_Problem description_
Of the entries below, repeat exactly only those lines from the one containing "80 PLUS PLATINUM" through the last line, with pictures omitted.

○ ○ ○ ○

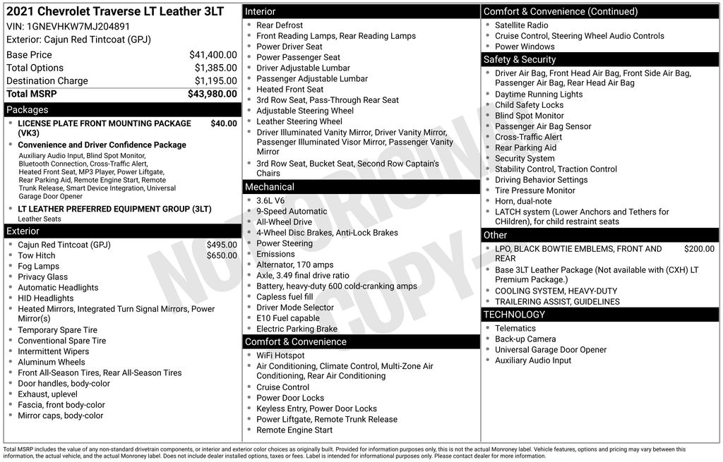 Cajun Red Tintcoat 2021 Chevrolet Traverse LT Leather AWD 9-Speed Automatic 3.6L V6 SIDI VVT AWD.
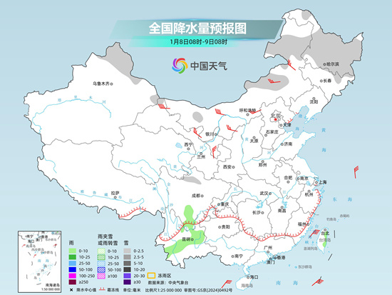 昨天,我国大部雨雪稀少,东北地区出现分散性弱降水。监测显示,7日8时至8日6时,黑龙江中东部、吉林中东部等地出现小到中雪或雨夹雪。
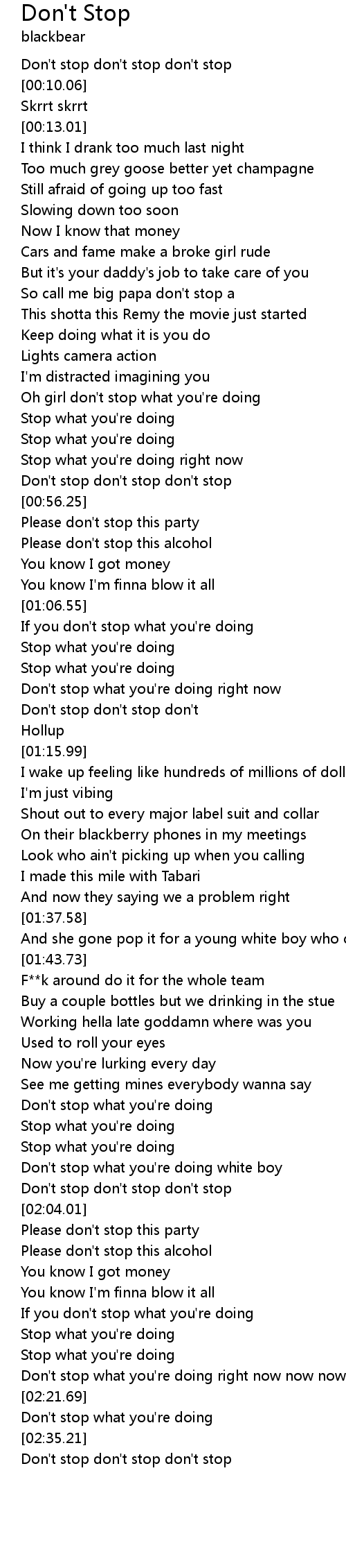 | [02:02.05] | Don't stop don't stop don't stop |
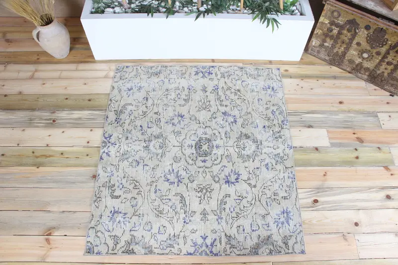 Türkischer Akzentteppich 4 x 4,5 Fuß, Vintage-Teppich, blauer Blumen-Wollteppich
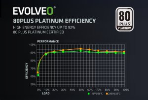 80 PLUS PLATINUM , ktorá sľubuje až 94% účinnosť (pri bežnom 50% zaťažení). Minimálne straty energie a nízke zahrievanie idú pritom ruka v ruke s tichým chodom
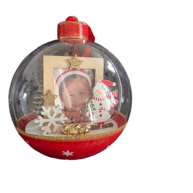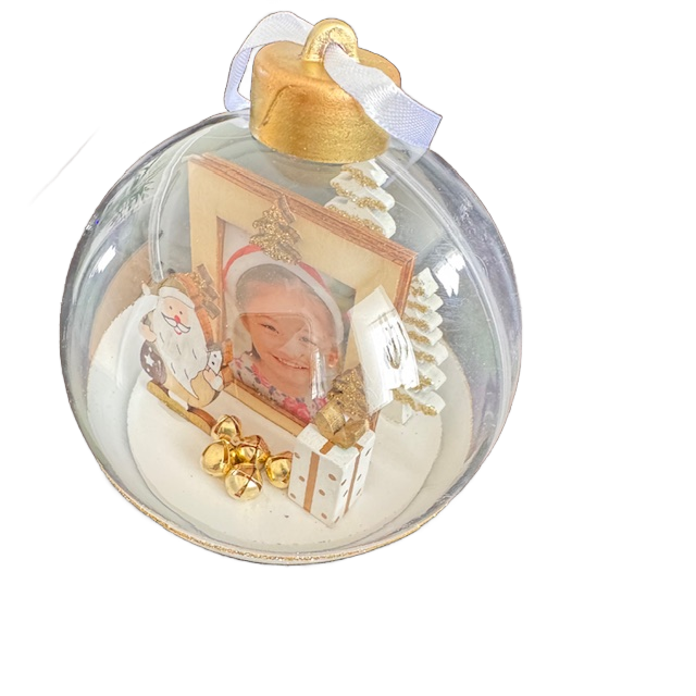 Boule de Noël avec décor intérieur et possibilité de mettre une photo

○ ○ ○ ○

_Result_
 80 PLUS PLATINUM , ktorá sľubuje až 94% účinnosť (pri bežnom 50% zaťažení). Minimálne straty energie a nízke zahrievanie idú pritom ruka v ruke s tichým chodom
 Boule de Noël avec décor intérieur et possibilité de mettre une photo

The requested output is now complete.